With the pictures left out, return exactly the lines from the one containing "after Greek tragedies." through the end of the listing below.

> [Data]
***

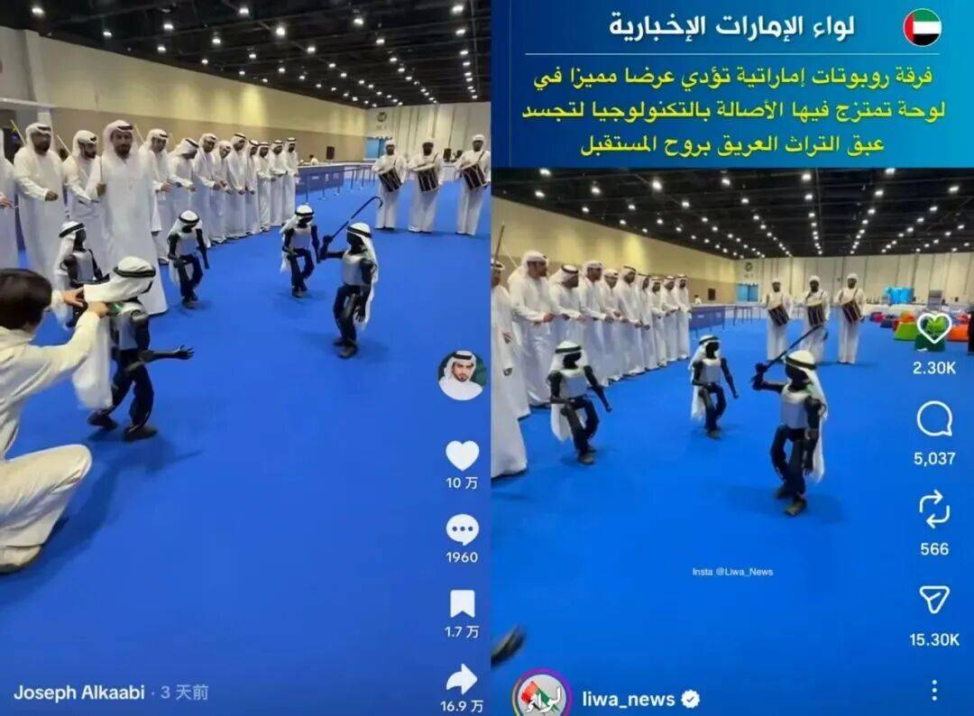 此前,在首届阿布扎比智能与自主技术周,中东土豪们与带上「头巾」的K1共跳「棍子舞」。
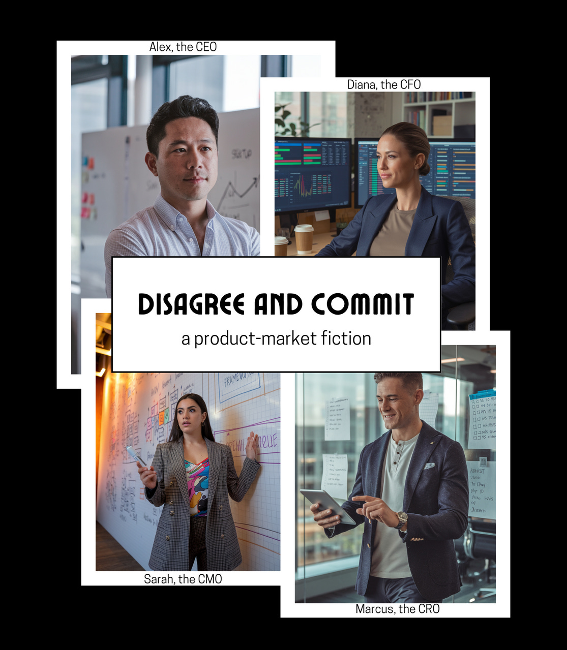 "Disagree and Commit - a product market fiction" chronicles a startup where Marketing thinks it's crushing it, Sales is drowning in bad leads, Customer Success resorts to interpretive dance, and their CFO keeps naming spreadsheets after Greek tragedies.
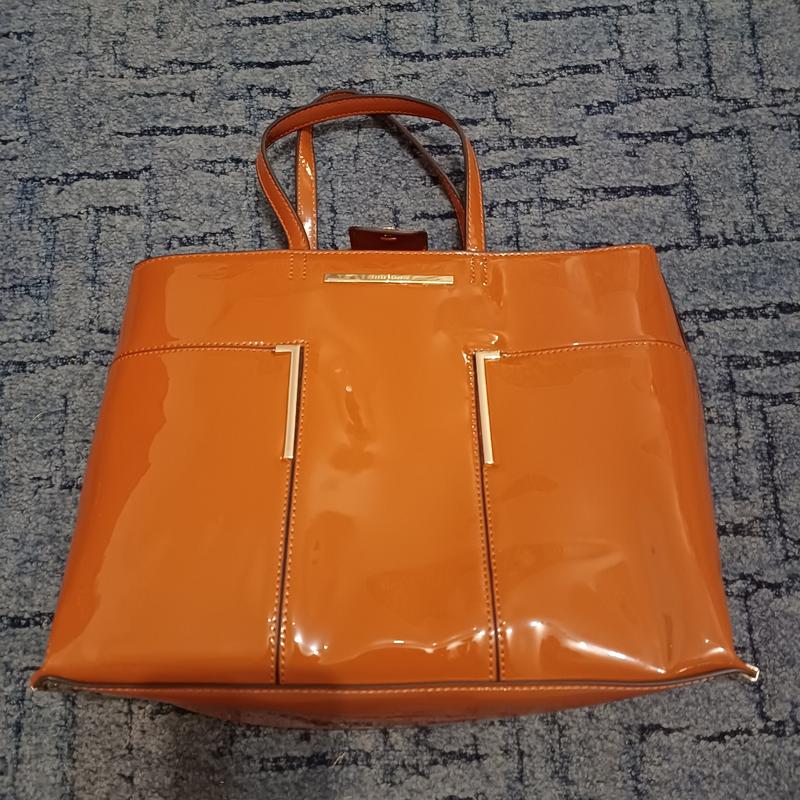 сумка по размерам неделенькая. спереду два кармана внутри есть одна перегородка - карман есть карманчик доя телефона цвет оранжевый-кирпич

***

> [Expected output]
 "Disagree and Commit - a product market fiction" chronicles a startup where Marketing thinks it's crushing it, Sales is drowning in bad leads, Customer Success resorts to interpretive dance, and their CFO keeps naming spreadsheets after Greek tragedies.
 сумка по размерам неделенькая. спереду два кармана внутри есть одна перегородка - карман есть карманчик доя телефона цвет оранжевый-кирпич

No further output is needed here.